===== TASK INPUTS

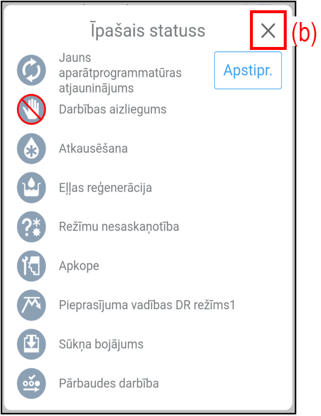 Aizliegums | Centrālais kontrolieris aizliedz darboties no šīs lietotnes. |
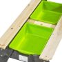 Bordet har två avtagbara gröna baljor som enkelt fylls med vatten, sand eller småleksaker. De kan också lyftas ur för enkel rengöring – praktiskt för både föräldrar och små äventyrare. När det är dags att byta aktivitet lägger du bara på locket, och bordet förvandlas till en perfekt yta för pyssel, ritande eller legobygge.
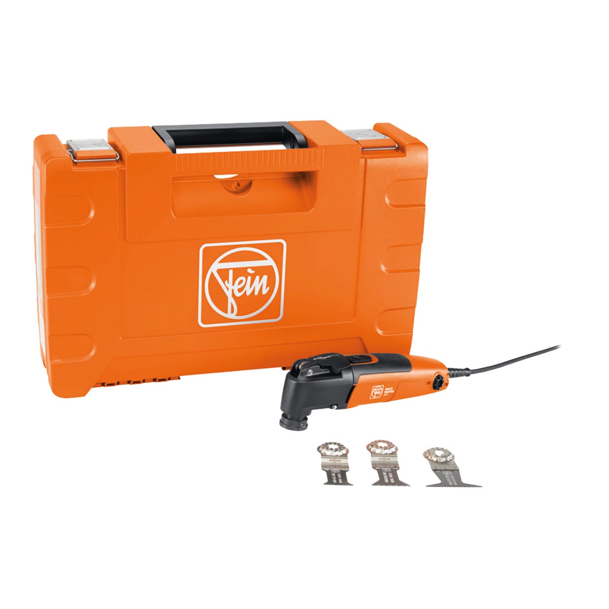Utensile ad oscillazione - MULTIMASTER MM 300 Plus Start. |L'efficace utensile multifunzione per operazioni di ristrutturazione e rinnovo con dotazione di base per il taglio di legno, metalli, cartongesso e plastica.. Il nostro modello di base vi offre un' ampia gamma di applicazioni per ristrutturazioni e rinnovo d'interni.. Attacco portautensile StarlockPlus: maggiore velocità di lavorazione e precisione grazie a una trasmissione della forza al 100%.QuickIN: sostituzione dell'utensile in meno di 3 secondi grazie al sistema di serraggio rapido senza chiavi di servizio brevettato FEIN. Grazie all'attacco portautensile StarlockPlus avete accesso a circa 100 accessori FEIN delle classi di potenza Starlock e StarlockPlus.. Regolazione elettronica in continuo del numero dei giri.. Motore FEIN da 250 W: motore resistente ai sovraccarichi con elevata percentuale di rame per una maggiore potenza e una lavorazione efficace.
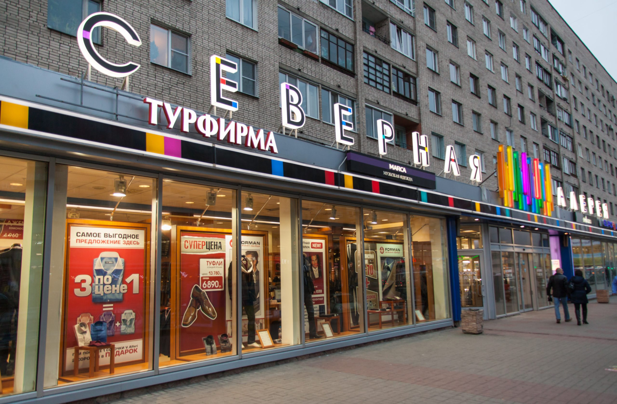 На проспекте Просвещения строится ТРЦ «Прометей», названный по аналогии с кинотеатром, который располагался ранее на этом месте. Общая площадь нового комплекса составляет 27 тысяч квадратных метров. Здесь арендаторы могут снять коммерческое помещение.
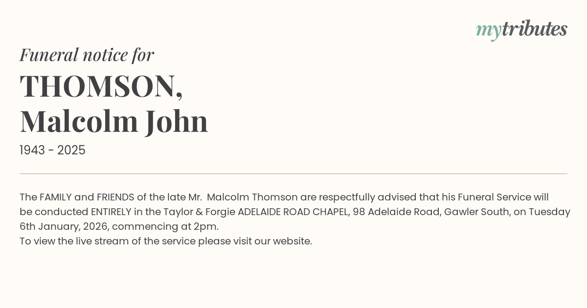 12°CThe FAMILY and FRIENDS of the late Mr. Malcolm Thomson are respectfully advised that his Funeral Service will be conducted ENTIRELY in the Taylor & Forgie ADELAIDE ROAD CHAPEL, 98 Adelaide Road, Gawler South, on Tuesday 6th January, 2026, commencing at 2pm.
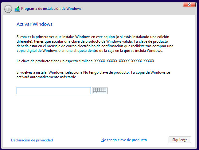 Escribe entonces, en el recuadro, la clave que has obtenido al comprar la licencia y sigue con el proceso de instalación de Windows 10 en el que te guiará el asistente. Al concluir el sistema operativo se habrá instalado y activado, de modo que ya podrás emplearlo sin limitaciones.
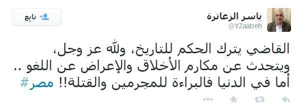 وأضاف :"القاضي يترك الحكم للتاريخ، ولله عز وجل، ويتحدث عن مكارم الأخلاق والإعراض عن اللغو .. أما في الدنيا فالبراءة للمجرمين والقتلة!! "
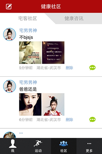 2、用戶通過宅客運動跟好友分享自己的健身減肥體驗。
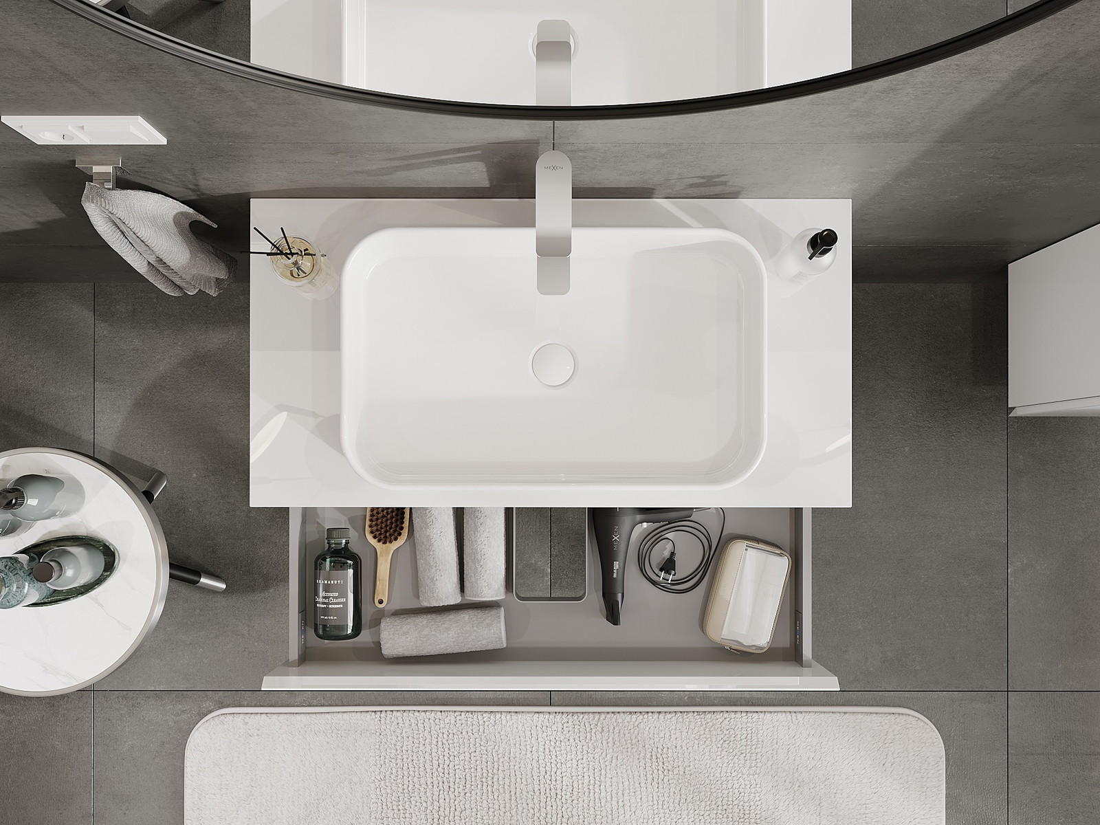 El cuerpo del gabinete se entrega completamente ensamblado, lo que significa máxima comodidad y ahorro de tiempo. No tienes que pasar horas ensamblando el mueble, solo necesitas instalarlo en el lugar elegido en el baño. Es la solución ideal para personas que valoran un montaje rápido y un efecto inmediato.

==========

> AIM OF THE EXERCISE
From the first line to the last, repeat the records exactly and skip the pictures.

> TASK ANSWER
 Aizliegums | Centrālais kontrolieris aizliedz darboties no šīs lietotnes. |
 Bordet har två avtagbara gröna baljor som enkelt fylls med vatten, sand eller småleksaker. De kan också lyftas ur för enkel rengöring – praktiskt för både föräldrar och små äventyrare. När det är dags att byta aktivitet lägger du bara på locket, och bordet förvandlas till en perfekt yta för pyssel, ritande eller legobygge.
Utensile ad oscillazione - MULTIMASTER MM 300 Plus Start. |L'efficace utensile multifunzione per operazioni di ristrutturazione e rinnovo con dotazione di base per il taglio di legno, metalli, cartongesso e plastica.. Il nostro modello di base vi offre un' ampia gamma di applicazioni per ristrutturazioni e rinnovo d'interni.. Attacco portautensile StarlockPlus: maggiore velocità di lavorazione e precisione grazie a una trasmissione della forza al 100%.QuickIN: sostituzione dell'utensile in meno di 3 secondi grazie al sistema di serraggio rapido senza chiavi di servizio brevettato FEIN. Grazie all'attacco portautensile StarlockPlus avete accesso a circa 100 accessori FEIN delle classi di potenza Starlock e StarlockPlus.. Regolazione elettronica in continuo del numero dei giri.. Motore FEIN da 250 W: motore resistente ai sovraccarichi con elevata percentuale di rame per una maggiore potenza e una lavorazione efficace.
 На проспекте Просвещения строится ТРЦ «Прометей», названный по аналогии с кинотеатром, который располагался ранее на этом месте. Общая площадь нового комплекса составляет 27 тысяч квадратных метров. Здесь арендаторы могут снять коммерческое помещение.
 12°CThe FAMILY and FRIENDS of the late Mr. Malcolm Thomson are respectfully advised that his Funeral Service will be conducted ENTIRELY in the Taylor & Forgie ADELAIDE ROAD CHAPEL, 98 Adelaide Road, Gawler South, on Tuesday 6th January, 2026, commencing at 2pm.
 Escribe entonces, en el recuadro, la clave que has obtenido al comprar la licencia y sigue con el proceso de instalación de Windows 10 en el que te guiará el asistente. Al concluir el sistema operativo se habrá instalado y activado, de modo que ya podrás emplearlo sin limitaciones.
 وأضاف :"القاضي يترك الحكم للتاريخ، ولله عز وجل، ويتحدث عن مكارم الأخلاق والإعراض عن اللغو .. أما في الدنيا فالبراءة للمجرمين والقتلة!! "
 2、用戶通過宅客運動跟好友分享自己的健身減肥體驗。
 El cuerpo del gabinete se entrega completamente ensamblado, lo que significa máxima comodidad y ahorro de tiempo. No tienes que pasar horas ensamblando el mueble, solo necesitas instalarlo en el lugar elegido en el baño. Es la solución ideal para personas que valoran un montaje rápido y un efecto inmediato.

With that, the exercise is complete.